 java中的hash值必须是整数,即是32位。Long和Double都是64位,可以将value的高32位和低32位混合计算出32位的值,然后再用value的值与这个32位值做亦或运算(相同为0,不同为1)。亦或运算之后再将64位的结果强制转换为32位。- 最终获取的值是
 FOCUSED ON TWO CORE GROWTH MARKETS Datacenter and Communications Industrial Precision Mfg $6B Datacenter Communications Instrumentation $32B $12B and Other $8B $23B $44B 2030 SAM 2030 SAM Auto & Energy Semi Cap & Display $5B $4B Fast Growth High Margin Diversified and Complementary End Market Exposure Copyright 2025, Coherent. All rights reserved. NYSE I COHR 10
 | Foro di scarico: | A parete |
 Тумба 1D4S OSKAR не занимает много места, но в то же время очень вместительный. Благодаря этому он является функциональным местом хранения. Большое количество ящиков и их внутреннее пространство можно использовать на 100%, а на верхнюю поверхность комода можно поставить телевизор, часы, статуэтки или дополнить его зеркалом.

==

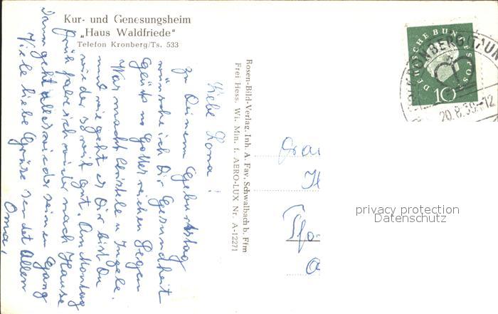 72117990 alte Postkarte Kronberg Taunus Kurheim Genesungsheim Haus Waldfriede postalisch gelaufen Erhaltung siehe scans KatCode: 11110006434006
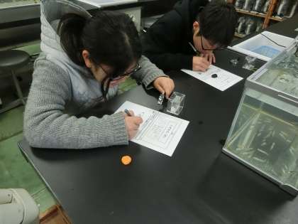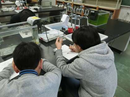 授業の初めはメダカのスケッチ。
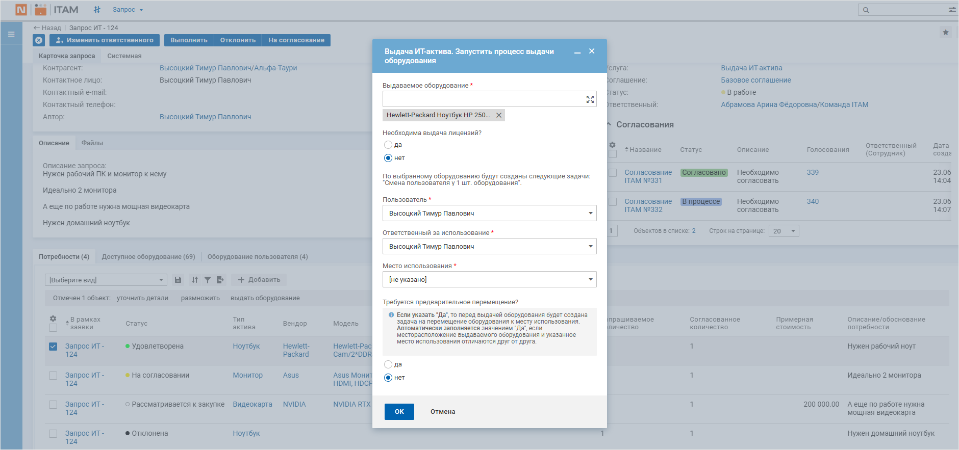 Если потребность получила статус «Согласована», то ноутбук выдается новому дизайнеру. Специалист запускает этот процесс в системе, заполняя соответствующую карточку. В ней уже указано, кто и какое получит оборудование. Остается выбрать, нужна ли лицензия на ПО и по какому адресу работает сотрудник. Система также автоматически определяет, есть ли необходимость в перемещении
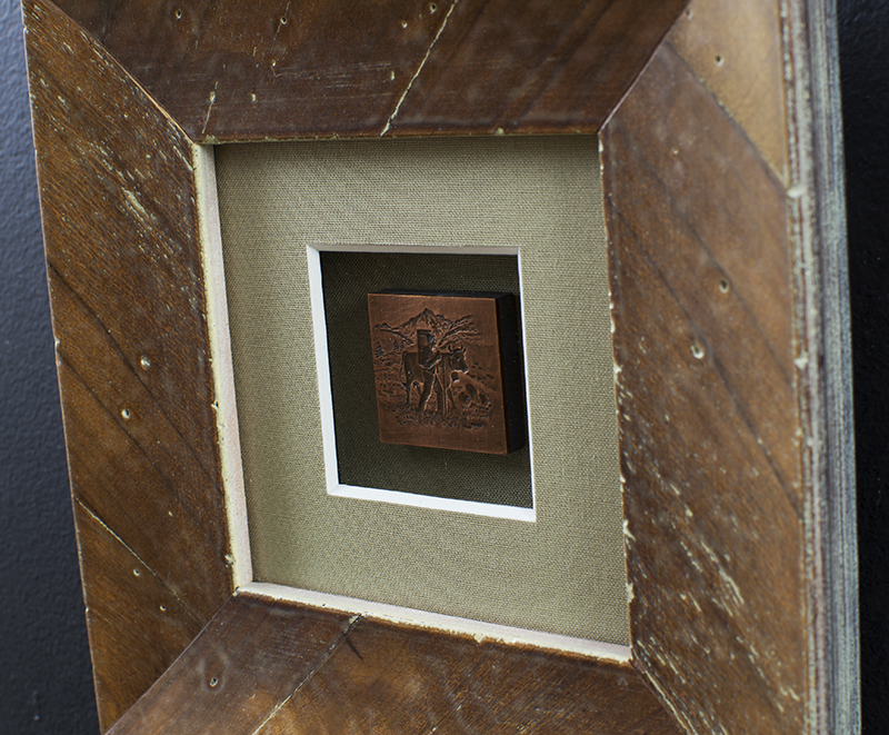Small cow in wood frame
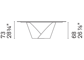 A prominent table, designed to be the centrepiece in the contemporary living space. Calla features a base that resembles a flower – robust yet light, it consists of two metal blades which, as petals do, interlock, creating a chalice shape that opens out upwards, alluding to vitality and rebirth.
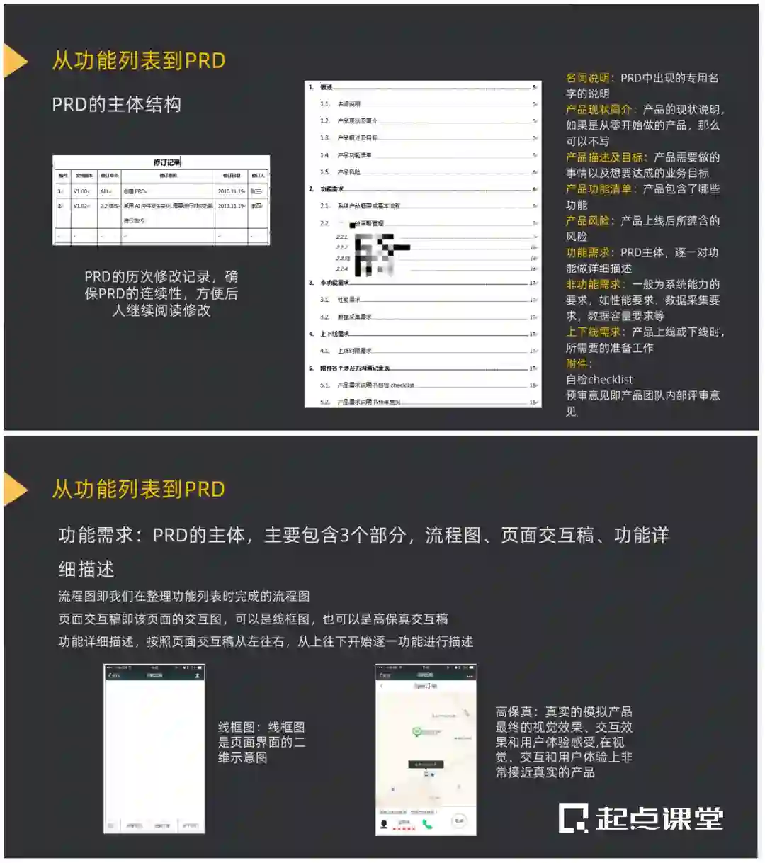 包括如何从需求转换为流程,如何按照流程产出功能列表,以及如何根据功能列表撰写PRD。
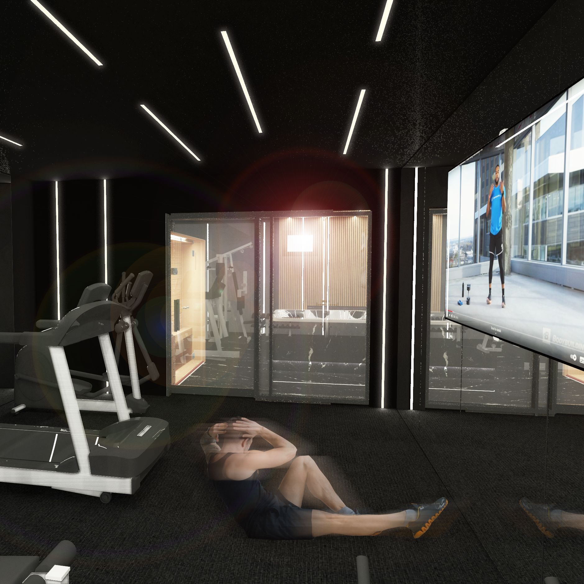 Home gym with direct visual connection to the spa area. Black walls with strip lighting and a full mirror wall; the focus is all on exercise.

> _Task statement_: Using the entries above, extract exactly the lines from the one that contains "A prominent table, designed" through the one that contains "Home gym with". Do not carry over any pictures.

> _Reply_:
 A prominent table, designed to be the centrepiece in the contemporary living space. Calla features a base that resembles a flower – robust yet light, it consists of two metal blades which, as petals do, interlock, creating a chalice shape that opens out upwards, alluding to vitality and rebirth.
 包括如何从需求转换为流程,如何按照流程产出功能列表,以及如何根据功能列表撰写PRD。
 Home gym with direct visual connection to the spa area. Black walls with strip lighting and a full mirror wall; the focus is all on exercise.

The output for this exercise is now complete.